I’m having problems getting MS Word numbered list into HTML content.
I have the attached sample program and a sample “Original.doc”.
I’ve observed that if you run the program as-is, the generated HTML <u><b>does have</b></u> <ol> and <li> elements.
However, if you un-comment the commented lines and replace the call convertDocumentToHTML(w_Doc) at line 15 with convertDocumentToHTML(w_TempDoc), the generated HTML <u><b>does not</b></u> have <ol> and <li> elements.
The interesting part though is that if you open the generated JustASection.doc in MS Word, MS Word shows the numbered list. It might as well be that MS Word “manages” to show it as a list, but it isn’t really a list in the output JustASection.doc.
My requirement is that the HTML content I get after saving JustASection.doc as HTML should have <ol> and <li> elements.
Is it a bug in the importNode API or is something wrong my code?
TIA.
Bandu.
P.S.:
(1) I’ve also tried doing a w_TempDoc.updateFields(), but in vain.
(2) I don’t remember which version of Aspose I downloaded back in Feb 2010, but the MANIFEST.MF file has the following content:
Thank you for reporting this problem to us.

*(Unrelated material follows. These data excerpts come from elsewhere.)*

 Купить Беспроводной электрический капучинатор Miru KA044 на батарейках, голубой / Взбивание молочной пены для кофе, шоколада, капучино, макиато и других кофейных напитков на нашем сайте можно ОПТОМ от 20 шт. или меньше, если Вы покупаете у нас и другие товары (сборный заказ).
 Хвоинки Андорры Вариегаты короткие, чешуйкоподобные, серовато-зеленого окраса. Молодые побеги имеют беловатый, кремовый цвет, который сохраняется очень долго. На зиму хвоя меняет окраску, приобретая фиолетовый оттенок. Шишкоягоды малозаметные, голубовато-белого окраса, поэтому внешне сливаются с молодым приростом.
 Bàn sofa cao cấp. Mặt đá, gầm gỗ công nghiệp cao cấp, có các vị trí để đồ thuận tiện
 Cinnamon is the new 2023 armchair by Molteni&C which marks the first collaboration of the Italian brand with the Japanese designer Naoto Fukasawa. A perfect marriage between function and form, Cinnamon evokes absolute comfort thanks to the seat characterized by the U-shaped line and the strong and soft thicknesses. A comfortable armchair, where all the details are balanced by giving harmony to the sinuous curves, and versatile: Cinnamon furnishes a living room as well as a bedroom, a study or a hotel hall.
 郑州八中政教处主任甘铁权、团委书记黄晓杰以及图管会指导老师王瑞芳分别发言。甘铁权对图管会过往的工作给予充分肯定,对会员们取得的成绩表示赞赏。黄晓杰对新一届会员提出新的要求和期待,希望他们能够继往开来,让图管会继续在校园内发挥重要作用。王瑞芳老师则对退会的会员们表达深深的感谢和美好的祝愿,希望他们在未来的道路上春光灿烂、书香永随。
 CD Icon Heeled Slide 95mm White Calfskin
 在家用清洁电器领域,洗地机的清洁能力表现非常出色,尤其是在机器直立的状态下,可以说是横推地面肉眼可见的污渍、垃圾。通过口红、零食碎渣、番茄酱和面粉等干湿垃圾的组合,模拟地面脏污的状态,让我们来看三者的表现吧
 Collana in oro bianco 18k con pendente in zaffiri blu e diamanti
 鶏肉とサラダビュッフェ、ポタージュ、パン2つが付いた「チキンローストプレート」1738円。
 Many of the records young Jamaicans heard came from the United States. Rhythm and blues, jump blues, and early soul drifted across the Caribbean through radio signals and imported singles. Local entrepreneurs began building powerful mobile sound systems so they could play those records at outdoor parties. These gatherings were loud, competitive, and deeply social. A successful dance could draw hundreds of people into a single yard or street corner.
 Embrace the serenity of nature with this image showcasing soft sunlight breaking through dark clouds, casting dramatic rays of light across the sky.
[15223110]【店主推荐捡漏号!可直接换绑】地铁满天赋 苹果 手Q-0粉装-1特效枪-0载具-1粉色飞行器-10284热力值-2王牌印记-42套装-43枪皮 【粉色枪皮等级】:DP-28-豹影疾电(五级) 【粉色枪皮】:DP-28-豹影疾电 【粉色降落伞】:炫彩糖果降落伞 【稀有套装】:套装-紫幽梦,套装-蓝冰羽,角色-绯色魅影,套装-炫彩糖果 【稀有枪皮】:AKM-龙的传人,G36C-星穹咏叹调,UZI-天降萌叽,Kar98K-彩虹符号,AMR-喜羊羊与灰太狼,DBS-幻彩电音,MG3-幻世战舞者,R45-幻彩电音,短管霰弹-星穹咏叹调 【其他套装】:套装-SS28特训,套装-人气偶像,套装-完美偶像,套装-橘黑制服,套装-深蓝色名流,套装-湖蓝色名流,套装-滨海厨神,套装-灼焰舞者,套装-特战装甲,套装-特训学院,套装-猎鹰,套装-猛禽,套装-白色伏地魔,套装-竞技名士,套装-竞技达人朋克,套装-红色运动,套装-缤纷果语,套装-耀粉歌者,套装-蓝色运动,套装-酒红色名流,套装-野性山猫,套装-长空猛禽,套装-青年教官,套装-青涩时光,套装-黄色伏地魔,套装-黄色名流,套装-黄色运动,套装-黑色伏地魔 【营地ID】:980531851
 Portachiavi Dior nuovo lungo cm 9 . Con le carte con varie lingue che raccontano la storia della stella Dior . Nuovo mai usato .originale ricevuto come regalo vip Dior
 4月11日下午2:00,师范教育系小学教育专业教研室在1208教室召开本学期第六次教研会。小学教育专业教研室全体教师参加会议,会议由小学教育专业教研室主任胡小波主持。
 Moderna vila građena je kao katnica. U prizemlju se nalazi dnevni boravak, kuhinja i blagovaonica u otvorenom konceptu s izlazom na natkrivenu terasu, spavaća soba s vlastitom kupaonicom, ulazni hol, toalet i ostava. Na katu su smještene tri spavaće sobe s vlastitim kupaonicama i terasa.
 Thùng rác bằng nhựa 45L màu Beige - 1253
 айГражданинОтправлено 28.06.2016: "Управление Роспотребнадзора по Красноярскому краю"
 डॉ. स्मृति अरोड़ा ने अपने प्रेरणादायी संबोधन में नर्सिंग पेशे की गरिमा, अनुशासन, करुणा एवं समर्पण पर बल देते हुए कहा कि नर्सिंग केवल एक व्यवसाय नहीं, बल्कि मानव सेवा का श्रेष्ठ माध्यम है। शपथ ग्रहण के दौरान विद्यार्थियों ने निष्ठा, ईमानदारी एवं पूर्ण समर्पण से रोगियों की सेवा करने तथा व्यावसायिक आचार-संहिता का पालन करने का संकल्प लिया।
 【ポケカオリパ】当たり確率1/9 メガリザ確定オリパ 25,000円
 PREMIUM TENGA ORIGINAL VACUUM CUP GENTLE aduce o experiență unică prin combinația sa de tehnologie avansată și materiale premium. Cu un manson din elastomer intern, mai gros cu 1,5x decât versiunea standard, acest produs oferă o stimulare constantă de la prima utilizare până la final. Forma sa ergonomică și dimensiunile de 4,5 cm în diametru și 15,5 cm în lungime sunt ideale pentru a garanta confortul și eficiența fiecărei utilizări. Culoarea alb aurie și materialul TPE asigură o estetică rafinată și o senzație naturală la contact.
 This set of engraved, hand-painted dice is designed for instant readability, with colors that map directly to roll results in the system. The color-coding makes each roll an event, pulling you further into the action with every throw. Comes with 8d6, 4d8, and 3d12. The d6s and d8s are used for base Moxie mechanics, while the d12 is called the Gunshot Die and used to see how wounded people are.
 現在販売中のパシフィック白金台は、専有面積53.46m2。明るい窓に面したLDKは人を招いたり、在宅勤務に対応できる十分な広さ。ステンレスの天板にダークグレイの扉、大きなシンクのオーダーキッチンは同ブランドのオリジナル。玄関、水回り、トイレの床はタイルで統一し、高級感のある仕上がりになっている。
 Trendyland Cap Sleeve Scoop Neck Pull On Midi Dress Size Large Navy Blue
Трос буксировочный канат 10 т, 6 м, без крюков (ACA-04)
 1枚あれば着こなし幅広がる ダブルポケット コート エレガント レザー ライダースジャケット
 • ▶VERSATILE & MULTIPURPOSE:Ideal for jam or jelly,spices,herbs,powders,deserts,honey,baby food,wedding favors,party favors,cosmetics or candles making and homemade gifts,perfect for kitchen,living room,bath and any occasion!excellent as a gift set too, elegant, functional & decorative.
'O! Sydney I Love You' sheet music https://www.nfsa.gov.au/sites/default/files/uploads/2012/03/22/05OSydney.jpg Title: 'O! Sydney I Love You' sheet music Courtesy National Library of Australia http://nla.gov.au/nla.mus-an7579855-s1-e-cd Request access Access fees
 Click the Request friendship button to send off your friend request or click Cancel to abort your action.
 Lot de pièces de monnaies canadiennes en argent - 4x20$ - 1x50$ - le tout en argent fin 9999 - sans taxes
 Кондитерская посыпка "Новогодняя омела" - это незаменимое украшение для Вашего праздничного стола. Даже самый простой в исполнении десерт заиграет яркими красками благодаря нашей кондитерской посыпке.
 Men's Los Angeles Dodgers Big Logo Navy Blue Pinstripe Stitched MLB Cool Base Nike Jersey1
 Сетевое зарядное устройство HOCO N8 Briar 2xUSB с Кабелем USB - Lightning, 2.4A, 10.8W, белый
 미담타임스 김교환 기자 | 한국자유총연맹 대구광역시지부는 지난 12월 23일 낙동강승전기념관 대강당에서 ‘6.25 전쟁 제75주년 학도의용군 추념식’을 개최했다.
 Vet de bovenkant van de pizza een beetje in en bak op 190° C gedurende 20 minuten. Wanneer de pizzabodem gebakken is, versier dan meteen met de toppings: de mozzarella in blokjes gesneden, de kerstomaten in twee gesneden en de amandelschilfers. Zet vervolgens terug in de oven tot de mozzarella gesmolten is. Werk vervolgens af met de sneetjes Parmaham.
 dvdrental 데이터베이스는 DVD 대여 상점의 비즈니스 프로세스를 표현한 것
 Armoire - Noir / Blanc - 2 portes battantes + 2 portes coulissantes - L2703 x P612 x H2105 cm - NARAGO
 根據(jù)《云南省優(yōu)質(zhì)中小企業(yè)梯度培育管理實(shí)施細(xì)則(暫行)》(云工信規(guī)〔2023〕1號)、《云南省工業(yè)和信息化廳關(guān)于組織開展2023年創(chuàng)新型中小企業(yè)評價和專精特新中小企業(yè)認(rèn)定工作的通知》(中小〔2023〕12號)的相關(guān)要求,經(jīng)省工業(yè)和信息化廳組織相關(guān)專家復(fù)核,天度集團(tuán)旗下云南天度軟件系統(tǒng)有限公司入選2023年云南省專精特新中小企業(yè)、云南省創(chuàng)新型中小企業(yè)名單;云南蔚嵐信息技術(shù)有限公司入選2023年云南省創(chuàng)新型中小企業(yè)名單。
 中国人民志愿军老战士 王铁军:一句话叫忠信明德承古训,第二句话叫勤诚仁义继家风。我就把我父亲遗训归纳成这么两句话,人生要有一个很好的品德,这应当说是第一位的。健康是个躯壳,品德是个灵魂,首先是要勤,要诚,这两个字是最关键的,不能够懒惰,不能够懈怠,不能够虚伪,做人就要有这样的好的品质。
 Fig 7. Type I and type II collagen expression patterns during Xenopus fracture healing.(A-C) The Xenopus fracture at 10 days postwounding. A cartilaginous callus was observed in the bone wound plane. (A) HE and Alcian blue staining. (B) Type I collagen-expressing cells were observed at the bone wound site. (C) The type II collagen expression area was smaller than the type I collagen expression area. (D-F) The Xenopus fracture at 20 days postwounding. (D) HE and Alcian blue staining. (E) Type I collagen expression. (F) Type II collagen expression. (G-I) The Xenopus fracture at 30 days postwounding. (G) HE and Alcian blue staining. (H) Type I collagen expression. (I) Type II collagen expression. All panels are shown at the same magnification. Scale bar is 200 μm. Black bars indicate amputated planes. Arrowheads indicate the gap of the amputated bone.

I managed to reproduce it on my side. Your request has been linked to the appropriate issue. You will be notified as soon as it is resolved.
Thanks for your request. There is no public access to our defect tracking system. So you cannot check the issue status there. We will inform you in this forum thread once there is some progress with this issue.
Another related problem that I am facing is that when using the DocumentVisitor model, there is no corresponding API for Lists - the way you have for Tables. Ideally, there should’ve been one for an entire list, since if we use (say) visitParagraphxxx API, every list item would be fetched as a single line of text.
Does this make sense, or am I missing something in the DocumentVisitor model?
Thanks for your inquiry. In Ms Word documents list items are just paragraphs with special attributes. So the first item of the list can be at the beginning of the document, the last item can be at the end of the document and there can be a lot of content (which does not belong to list items) between these items. So there cannot be ListStart/ListEnd.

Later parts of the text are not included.